Section 4.4Legal Proceedings. There is no Proceeding pending or, to the Purchaser’s knowledge, threatened, against the Purchaser that challenges, or that may have the effect of preventing, delaying, making illegal or otherwise interfering with, any of the transactions contemplated by this Agreement.
Section 4.5Investment Intent. The Purchaser is acquiring the Shares for its own account and not with a view to their distribution within the meaning of Section 2(11) of the Securities Act.
Section 4.6Brokers or Finders. Neither the Purchaser nor any Person acting on its behalf has incurred any Liability to pay any fees or commissions to any broker, finder or agent or any other similar payment in connection with any of the transactions contemplated by this Agreement.

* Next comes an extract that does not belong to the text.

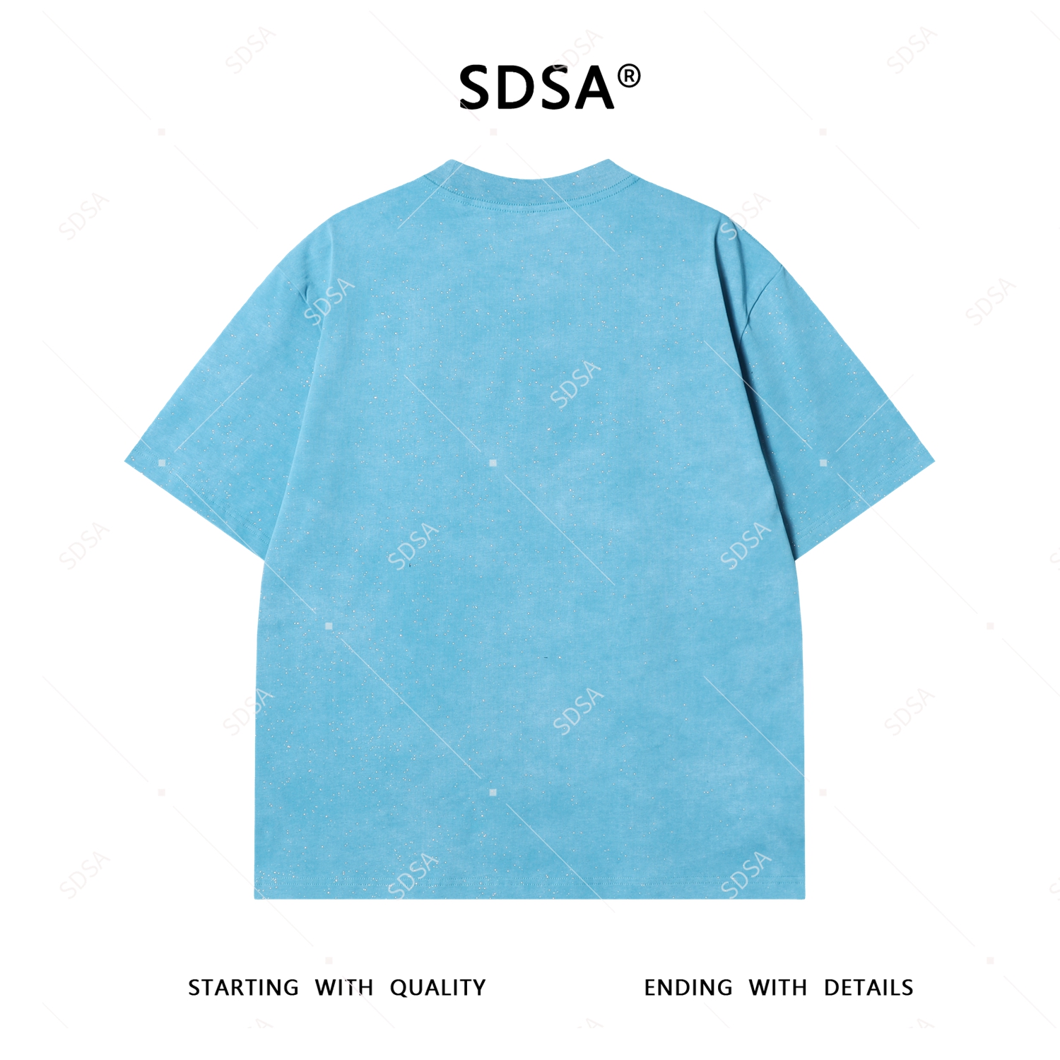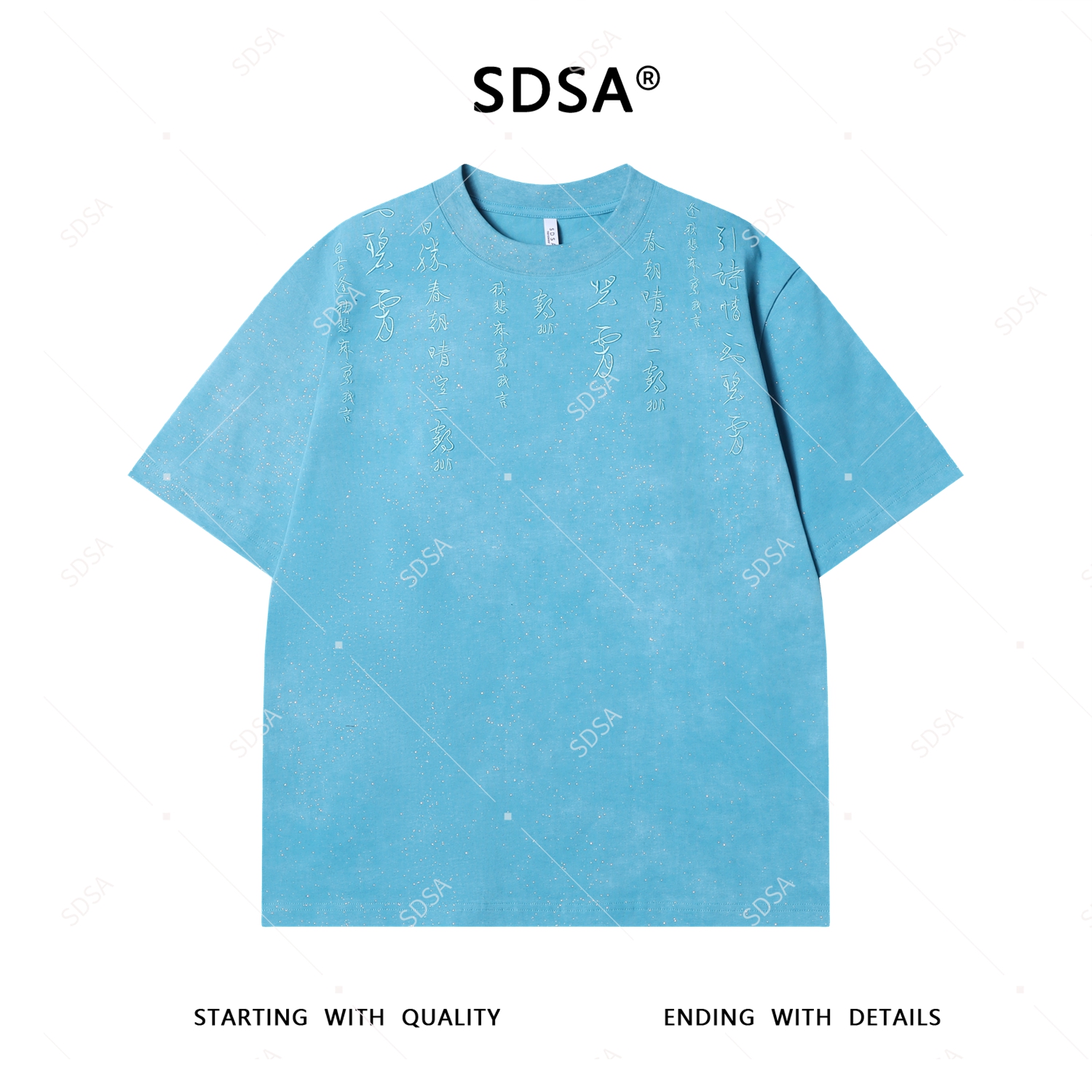 T3747夏季高级感新款男士扎染文字刺绣短袖T恤简约百搭圆领宽松上衣

Section 4.7The Purchaser is not currently subject to any U.S. sanctions administered by OFAC.
Section 4.8Purchaser has the financial wherewithal to enter into this Transaction and to fund the Transaction, as set forth herein.

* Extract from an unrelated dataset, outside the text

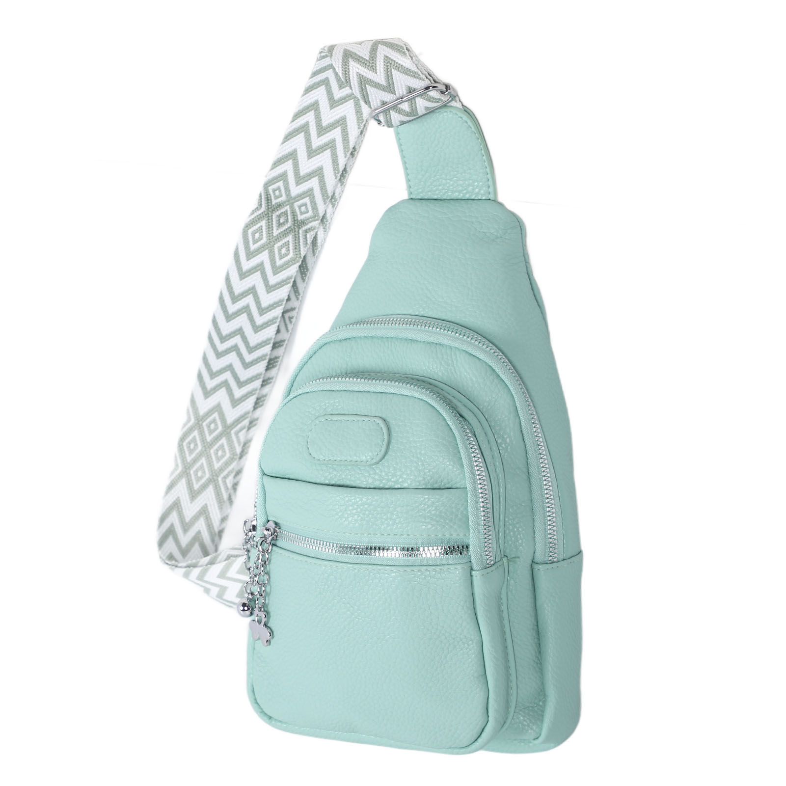 Modische und vielseitige Damen PU Leder Schlingentasche, Bohemian Stil Brusttasche, diagonale Kreuz Tasche, hellgrün

Section 4.9Purchaser shall retain any and all employees of Sellers, and should Purchaser decide to terminate any of Sellers’s employees, Purchaser shall confer with Seller Representative; provided, however, if the employment with Purchaser of any employee(s) of Seller is terminated the termination shall not negatively affect Sellers regarding the Earnout Payments and Additional Earnout Payments
Section 4.10Purchaser shall continue the business operations of Sellers, as Sellers have previously operated its business in order not to not disrupt the business relationships of Sellers and its employees so long as it does not interfere with CTG’s businesses.
24
Section 5.1Access and Investigation. Until the Closing, upon reasonable advance notice from the Purchaser and subject to any non-disclosure agreement by and between the Parties, the Company and the Seller Representative will, and will cause each Acquired Company to, allow the Purchaser and its directors, officers, employees, agents, prospective financing sources, consultants and other advisors and representatives full access during normal business hours to, and furnish them with all documents, records, work papers and information with respect to, all of the properties, assets, personnel, books, Contracts, Governmental Authorizations, reports and records relating to any Acquired Company as the Purchaser may reasonably request.

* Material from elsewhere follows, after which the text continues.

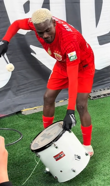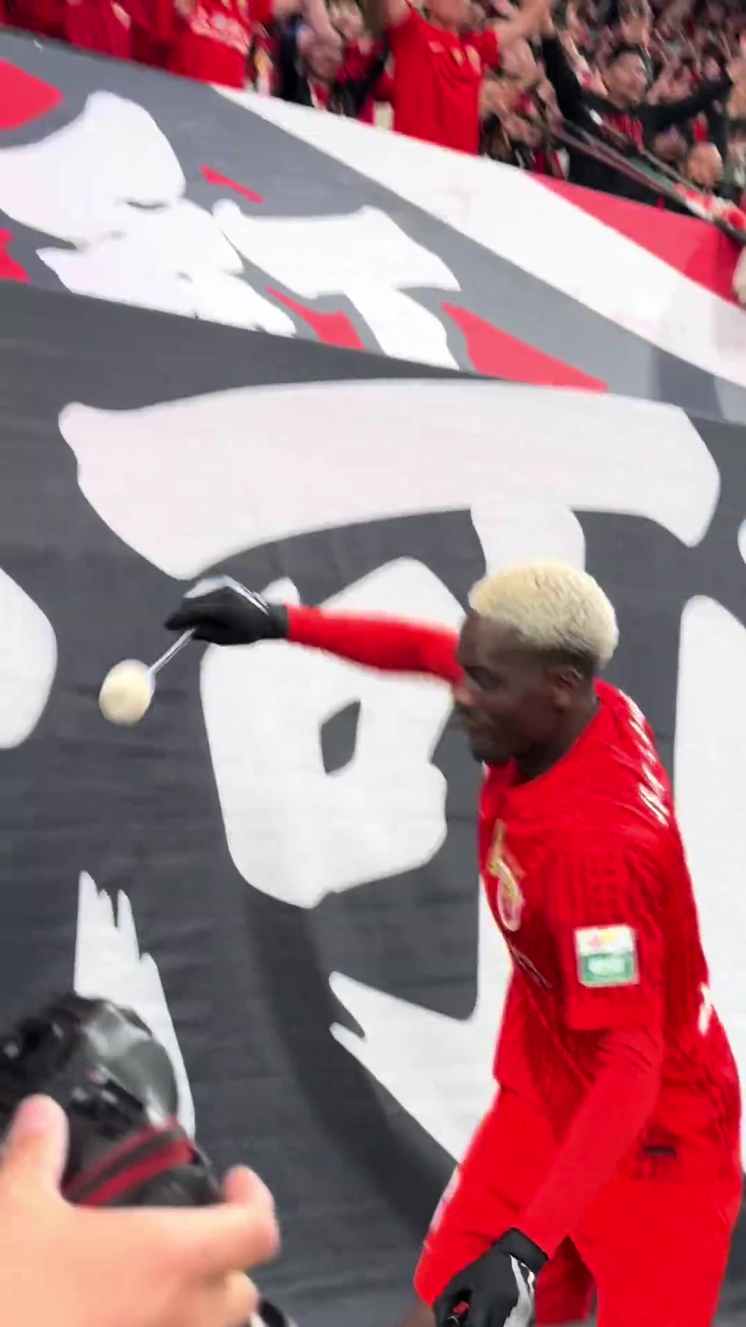 03月16日讯 中超第2轮,上海海港本场赛事4-1击败青岛西海岸,新援让·克劳德第47分钟首开记录,攻入职业生涯首球,赛后他擂鼓与足球球迷互动。

Section 5.2Operation of the Businesses of the Acquired Companies. The Company and the Seller Representative have caused Acquired Company to conduct its business only in the ordinary course of business and use its commercially reasonable efforts to preserve and protect its business organization, employment relationships, and relationships with customers, strategic partners, suppliers, distributors, landlords and others having dealings with it.
Section 5.3Consents and Filings. The Parties will use commercially reasonable efforts (i) to take promptly, or cause to be taken (including actions after the Closing), all actions, and to do promptly, or cause to be done, all things necessary, proper or advisable to consummate and make effective the transactions contemplated by this Agreement and (ii) as promptly as practicable after the date of this Agreement, to obtain all Governmental Authorizations from, give all notices to, and make all filings with, all Governmental Authorities, and to obtain all other Consents from, and give all other notices to, all other Persons, that are necessary or advisable in connection with the authorization, execution and delivery of this Agreement and the consummation of the transactions contemplated by this Agreement.
Section 5.4Notification. Until the Closing, the Company and the Seller Representative will give prompt notice to the Purchaser of any fact, circumstance, event or action, the existence, occurrence or taking of which would reasonably be expected to cause any representation or warranty of the Sellers in this Agreement to be untrue or inaccurate in any material respect.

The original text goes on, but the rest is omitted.